Esta jabuticabeira fica no jardim central, menor que o da frente. Sonho de infância comum meu e da Tânia, ela ainda está em desenvolvimento. Chegará o dia que carregará tantas jabuticabas que teremos que doar. Outro sonho.

Nossa casa é o lugar onde a família se expressa, vive, come, dorme, sonha, descansa, trabalha, cozinha, brinca, briga, se reconcilia. Lugar de expressão vital, neste registro ainda pudemos reunir todos os componentes da família. Há dez anos. Agora, apenas eventualmente, isso acontece. Tendo Van Gogh como testemunha… além de mim, temos a Tânia, atrás de mim, do seu lado direito, a primogênita, Romy; do seu lado esquerdo, Ingrid e Lívia. Imagem produzida na sala de jantar.

Participam: Lunna Guedes / Cláudia Leonardi / Silvana Lopes / Roseli Pedroso / Mariana Gouveia

27 / 09 / 2025 / Dominic

Chegou ao fim a nossa relação física, mas aquela atemporal permanecerá. Ainda que a memória se esvaneça, a energia de amor gerada continuará a fazer diferença no mundo. Ela foi a última filha a falecer da Domitila, mais uma das nossas companheiras resgatadas da rua. Aliás, ela surgiu toda manchada de tinta, praticamente sem pelos. Arte de descerebrados maldosos. Duas de suas filhas (as fêmeas sempre foram mais rejeitadas do que os machos), ficaram na família — Frida e Dominic (eu prefiro o nome afrancesado). Esta, na casa vizinha, minha irmã. Quando Frida faleceu, atropelada numa das poucas vezes que saiu à rua, pedimos para a Marisol cuidar da bichinha que já havia quebrado a pata dianteira esquerda e se encontrava com problemas de pele, além de estar muito magra. Cuidamos dela e em pouco tempo, já mais fortinha, se mostrou bastante gulosa. Tanto que mesmo no período do câncer que a vitimou, continuava voraz. Quando começou a recusar comida, percebemos que não viveria muito mais tempo.

Eu estive com as velhinhas que foram falecendo nos últimos anos. No sábado, quando saí para trabalhar, avisei à Tânia que suspeitava que não resistisse ao final do dia. Fiquei triste que não estaria com ela no final de tudo. Mas a Tânia disse que esteve com ela até o último suspiro. E isso me aliviou. Antes de sair, ainda fiquei um tempinho com ela. Percebi o seu olhar um tanto assustado de quem não conseguia mais respirar como antes. Fiz um carinho que supus de despedida, que acabou por acontecer. Essa senhora passou uns bons 10 anos conosco. Ao falecer, contava com uns 15 anos. Mais isso é irrelevante numa história de amor. Todo amor verdadeiro é atemporal.

Até logo, meu amor!

18 / 09 / 2025 / Morte Em Família*

Na saída do Terminal, na pista oposta, em direção ao Centro, jazia o corpo recém atropelado de um pequeno cão. Ao seu lado, pedindo para que os carros parassem, alguém que provavelmente o retiraria do asfalto, cena que não presenciei, já que o meu ônibus havia partido.

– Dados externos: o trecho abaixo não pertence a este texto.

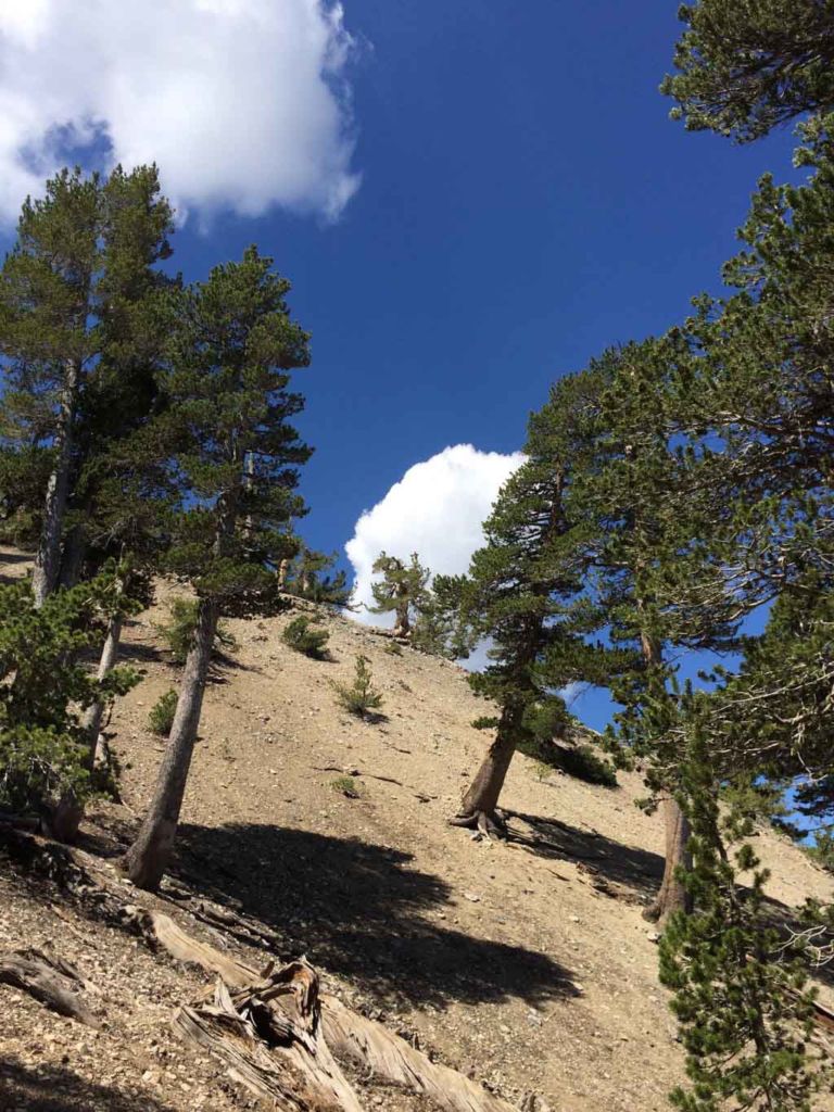 Hiking this trail you can watch the climate zone change as you gain elevation. The thick forest thins out, and closer to the summit are replaced by weathered and twisted limber pines.
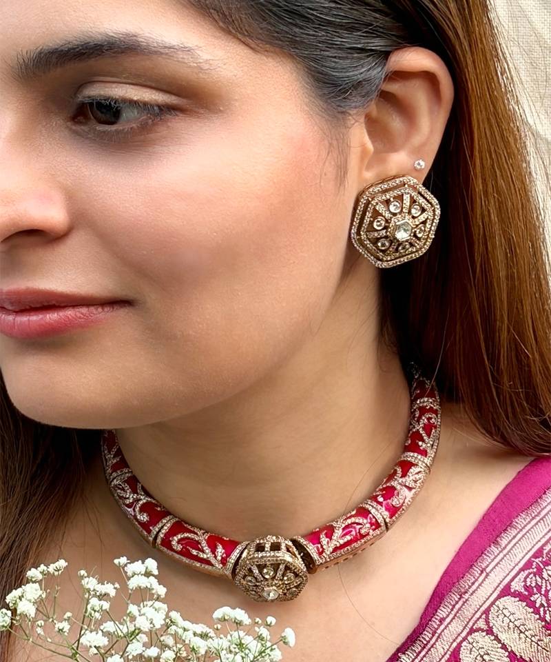 | Product Description | This Gold Plated Kundan Red Stones Necklace Set Exudes Regal Elegance And Festive Charm. Adorned With Rich Red Stones And Intricate Kundan Craftsmanship, It Adds A Luxurious Touch. Perfect For Weddings And Celebrations, It Enhances Ethnic Ensembles With Timeless Beauty And Refined Sophistication.

No dia seguinte, uma faixa colocada entre dois postes pedia, aliás implorava, que na eventualidade de alguém encontrar uma cadelinha com determinadas características, seria bem recompensado, caso a devolvesse. Ao final do apelo, o motivo recorrente: “criança doente, família desesperada”.

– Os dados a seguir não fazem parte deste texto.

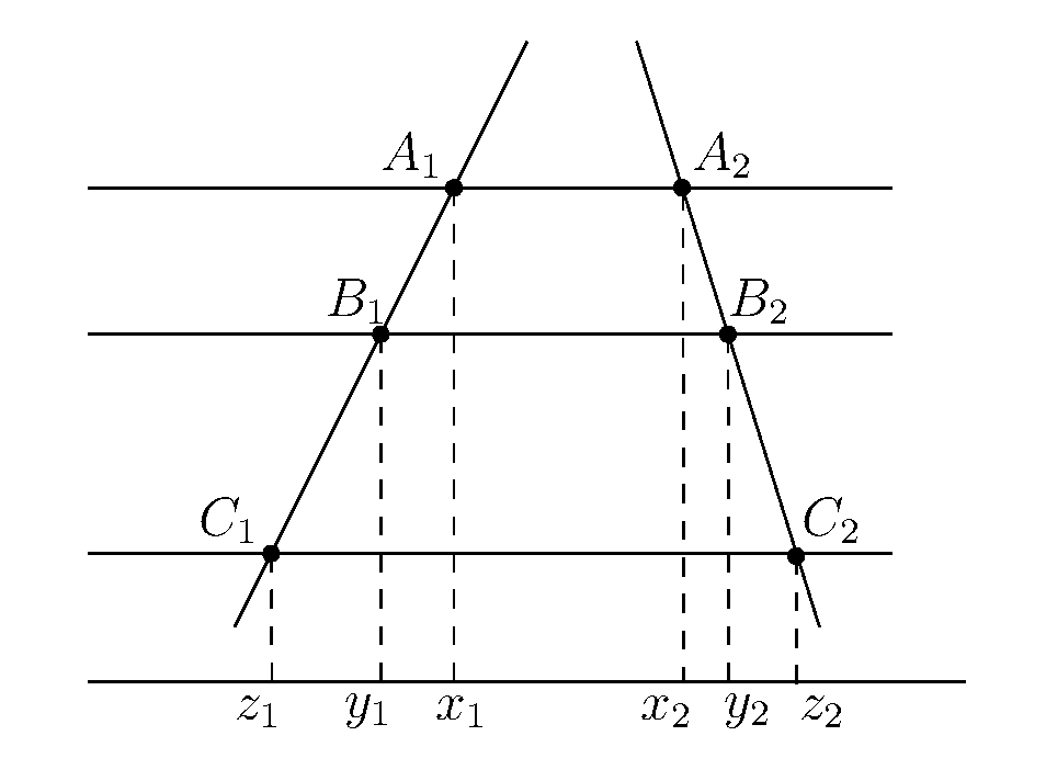 Even though our original motivation was rooted in cryptography, we ended up proving a fact of projective geometry. In an equivalent form, which is most similar to the standard formulation of Menelaus’ theorem, it asserts that

Só mais tarde, vinculei um fato ao outro, já que as características da cadelinha perdida eram bem próximas a do bichinho estendido no chão, pelo que eu pude perceber à distância no dia anterior, pela janela do ônibus. Seria uma, a outra? E a proximidade, o sumiço, e a morte, todos itens do mesmo episódio?

Passei a especular sobre as várias possibilidades relativas à história. Na versão mais feliz, a cachorrinha seria encontrada, a criança ficaria bem, a família estaria contente e alguém acabaria recompensado. No entanto, um cãozinho morrera, de qualquer forma. A quem pertencia, provavelmente faria falta a sua companhia e o sentido de perda persistiria. Na pior versão, aquele corpo que jazia no cinza era o objeto de estimação perdido e, nesse caso, perdido para sempre. Restaria a lembrança eterna na memória de quem conheceu Jully… 

*Texto que compõe REALidade, meu primeiro livro de crônicas, lançado em 2015, pela Scenarium Livros Artesanais.